The star Beta Persei or Algol is a special object. It’s an eclipsing binary star system. That means that, every two days and 20 hours 49’, the primary star is eclipsed by its dimmer companion. The system fades from magnitude 2.1 to 3.4. Not only is the eclipse frequent and widely visible; it lasts 10 hours. So there’s plenty of time to observe Algol while sitting in your chair.
Now you have your binoculars close to hand, we can hunt down three open clusters in the constellation Auriga, the Charioteer. You will find the constellation southeast of Perseus.
The M36, M37, and M38 are located in a rich area of stars, meaning that the view is beautiful. As the three clusters are close to each other, you can compare them and try to spot differences in brightness, size, members, and density. Features of the clusters: M36 mag. 6.0 size 12’ members 60; M37 mag. 5.6 size 23 mem. 150; M38 mag. 6.4 size 21 mem. 100.
Even with the naked eye the rich star area shows some bright asterisms in different shapes, misty patches scattered in the path of the Milky Way. Look for them by drawing an imaginary line from Alpha Capella to Beta Tauri Alnath. Perhaps you will see the brightest group, M37, as a faint glow.
Now that you know where Beta Tauri is, the Bull is
nearby. The eye of the bull is the brightest star in the constellation Taurus.
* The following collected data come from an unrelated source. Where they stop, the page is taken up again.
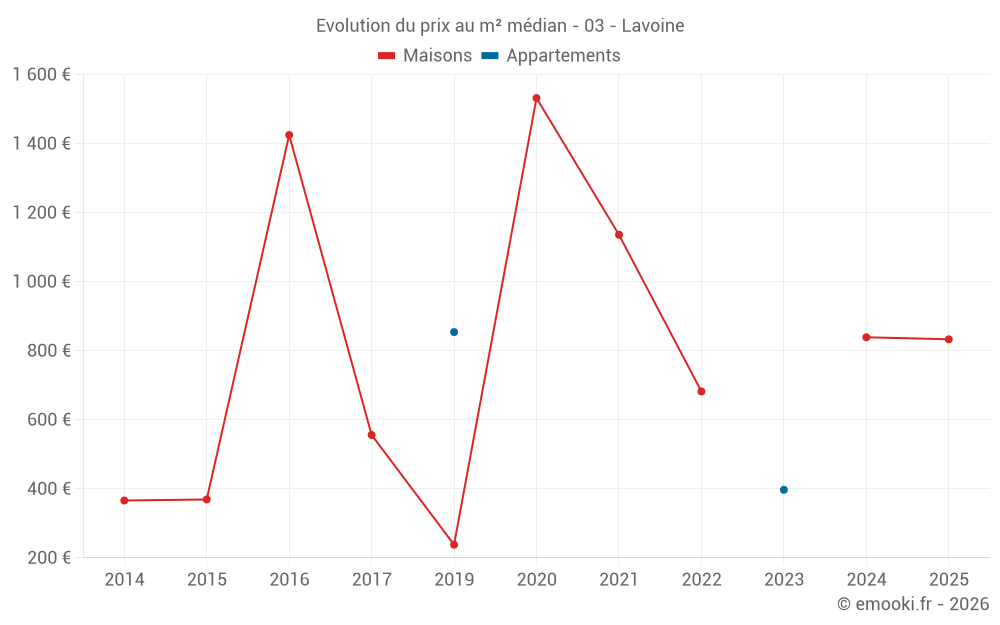 Carte des prix de l'immobilier dans la commune de Lavoine, choississez une section pour voir les transactions par parcelle.
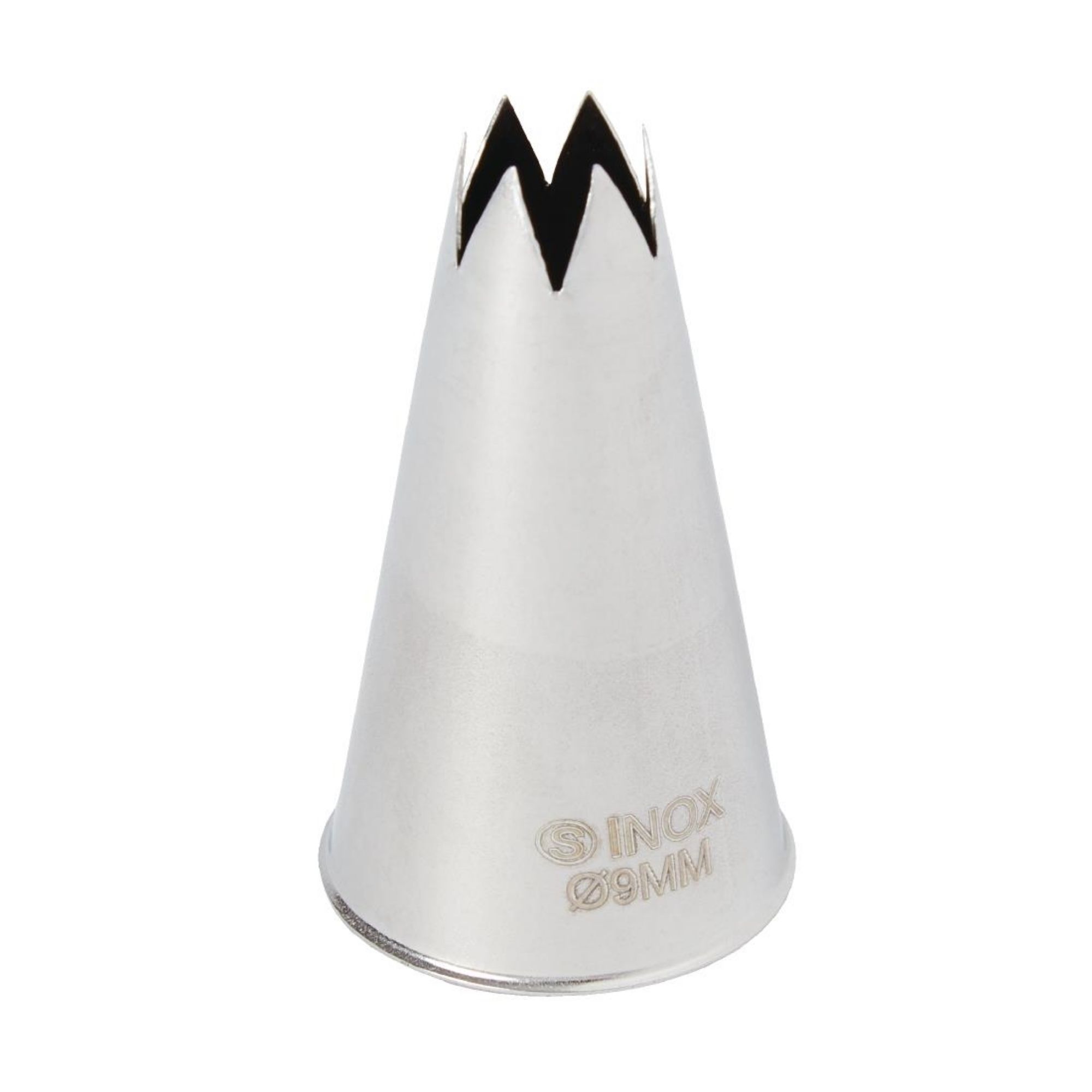 This 9mm stainless steel star tube is perfect for creating precise and accurate star shapes on cakes and pastries. The strong stainless steel construction makes it extremely durable and easy to clean, ideal for professional use. It can be used with all types of piping bags, making it a great addition to any baking arsenal.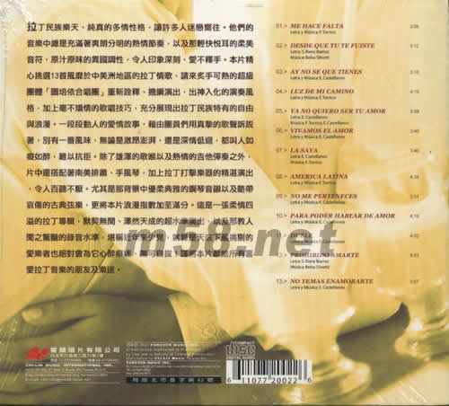 拉丁民族樂天、純真的多情性格,讓許多人迷戀向往。他們的音樂中總是充滿著爽朗分明的熱情節奏,以及那輕快悅耳的柔美音符,原汁原味的異國調性,令人印象深刻、愛不釋手。本片精心挑選13首風靡于中美洲地區的拉丁情歌,請來炙手可熱的超級團體“圖培依合唱團”重新詮釋、擔綱演出,出神入化的演奏風格,加上毫不矯情的歌唱技巧,充分展現出拉丁民族特有的自由與浪漫。一段段動人的愛情故事,藉由團員們用真摯的歌聲訴說著,別有一番風味,無論是激昂澎湃,還是深情低回,都叫人如癡如醉,難以抗拒。除了雄渾的歌喉以及熱情的吉他彈奏之外,片中還搭配著南美排蕭、手風琴,加上拉丁打擊樂器的精湛演出,令人百聽不厭。尤其是那背景中優柔典雅的鋼琴音韻以及略帶哀傷的古典弦樂,更將本片浪漫指數加至滿分。這是一張柔情四溢的拉丁專輯,默契無間、渾然天成的超水準演出、以及那教人聞之驚艷的錄音水準,堪稱近年來少見,就算是天底下最挑剔的愛樂者也絕對會為它心醉癡迷、無可自拔!謹將本片獻給所有喜愛拉丁音樂的朋友及樂迷。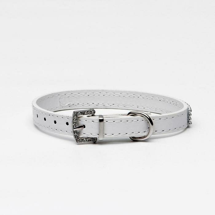 Пижон Ошейник со стразами в 4 ряда и стразы на пряжке, 40 х 1,5 см, белый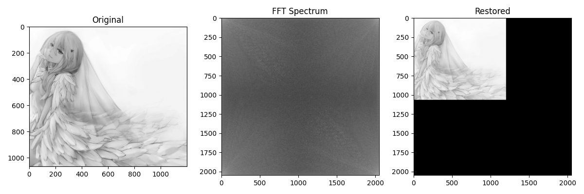- 实现了一维和二维 FFT 和 IFFT 函数- 添加了图像填充函数,以支持非 2 的整数次幂大小的图像 - 编写了主程序,演示了 FFT 和 IFFT 的使用方法 - 使用 Matplotlib 可视化了原始图像、频谱图和恢复后的图像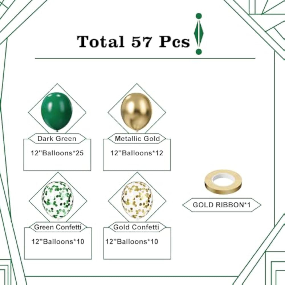 | ???Green And Gold Balloons Set Including?Total 57Pcs,12-Inch Dark Green Balloons*25,Gold Balloons*12,Gold Confetti Balloons*10,Green Confetti Balloons*10,Different Color Balloons Can Help You Create More Beautiful Party Decroations! | | ???Dark Green And Gold Party Balloons?Diy Beautiful Dark Green And Gold Confetti Balloon Arch, Garland, Wreaths Or Table Centerpiece. Dress Up Your Party,Use The Dark Green Balloons With Gold Confetti Balloons Make Kinds Of Balloon Decor, Photo Background Layout. | | ???Suitable For Various Occasion?Dark Green And Gold Balloons Perfect For Birthday Parties, Graduation Decoration, Baby Shower, Weddings, Anniversaries Celebrations, Jungle Party,Forest Theme Party,Other Big Event, Get A Big Hit And Create Lasting Memories With These Balloons Party Decoration. | | ???Easy To Use?Green And Gold Balloons Are Made Of Durable Latex Material, Non-Toxic And Durable. They Are Easy To Blow Up, Then Tie The End Of The Balloon With A Colourful Ribbon, You Can Use Your Creativity To Make The Balloon Have More Shapes. | | ???How To Make Confetti Balloon?The Confetti Balloons Are Pre-Filled Colorful Confetti Into Transparent Balloon, All You Need To Do Is Use A Pump To Quickly Inflate And Gently Rub The Balloon Use Hands Or On The Dry Towel Or Carpet To Get The Static Electricity, So That Confetti Are Easier To Be Stuck. If There Is Any Problem Of The Party Supplies, Please
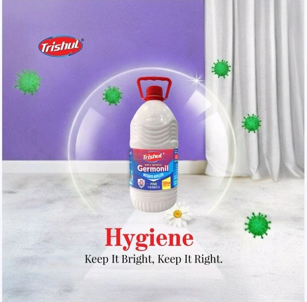 Trishul Germonil White Floor Cleaner is a powerful pine oil-based cleaner and disinfectant. Formulated with a homogeneous mixture of phenolic compounds, pine oil, and emulsifier, it has a white to off-white shade and ensures super-efficient cleaning. It effectively removes dirt and germs, keeping floors hygienic, fresh, and spotless.

The name is Aldebaran, this magnitude 1 star is located in a bright group of diamonds, the Hyades. They are shaped like an arrow pointing southwest. They are 150 light years distant from us and cover 6° of the night sky. This group harbors a visible double star, Theta Tauri, 6’ apart, maybe you can spot them both. They are close to Aldebaran, pointing southeast. Look for colors, if necessary use binoculars to see the white and yellowish color of the two stars.
After this treat, there’s an even better group for the naked eye to enjoy. M45, better known as the Pleiades, is one of the most spectacular clusters in the heavens. Go north-north-west from Aldebaran and you will see this group of bright stars hanging in a mysterious cloud. See how many stars you can count or draw on a piece of paper and compare them with the finder chart I have given you. This chart shows you stars up to magnitude 9. Here at the public observatory, we can count up to 18 stars with the naked eye! That’s over magnitude 7.
Photo Hyades and Pleiades
Yes, there are stunning views for the naked eye. But just as you think it can’t get any better than this, you will be surprised what lies ahead in the constellation Orion.
Orion or the Hunter harbors a fantastic Nebula. It’s the most beautiful object to observe. When you search for the three bright stars in the middle of “Orion’s Belt”, you will see under this line of stars a bright, misty cloud.
This is the area of “Orion’s Sword”.
Here you can see a nebula where stars are born. The M42 lies in an area flanked on both sides by an open cluster. Both are visible to the unaided eye. So take a good look and enjoy these three close objects by looking for details. For those with binoculars, it is a view that will burn forever in your memory. You will observe it again every time you get the chance. The lucky ones with a telescope will be amazed from their eyepiece. For those who want to see even more, we will show you the (M42) beautiful glittering nebula in 3D vision through the 20” telescope at Sasteria.
Alpha Orion or Betelgeuse is a red supergiant, look at the size on the chart. You will see what I mean by supergiant!! When you take a good look you will easily see a light orange color. Southwest of Beta Orionis or Rigel, you can search for a large and difficult pattern of stars. Eridanus, the River, curls between several different constellations. You have to be located as far south as possible in Europe to see the whole constellation.
Now we leave all these pretty things behind us and enter another constellation. Southwest of Beta Orionis or Rigel, you can search for a large and difficult pattern of stars. Eridanus, the River, curls between several different constellations. You have to be located as far south as possible in Europe to see the whole constellation.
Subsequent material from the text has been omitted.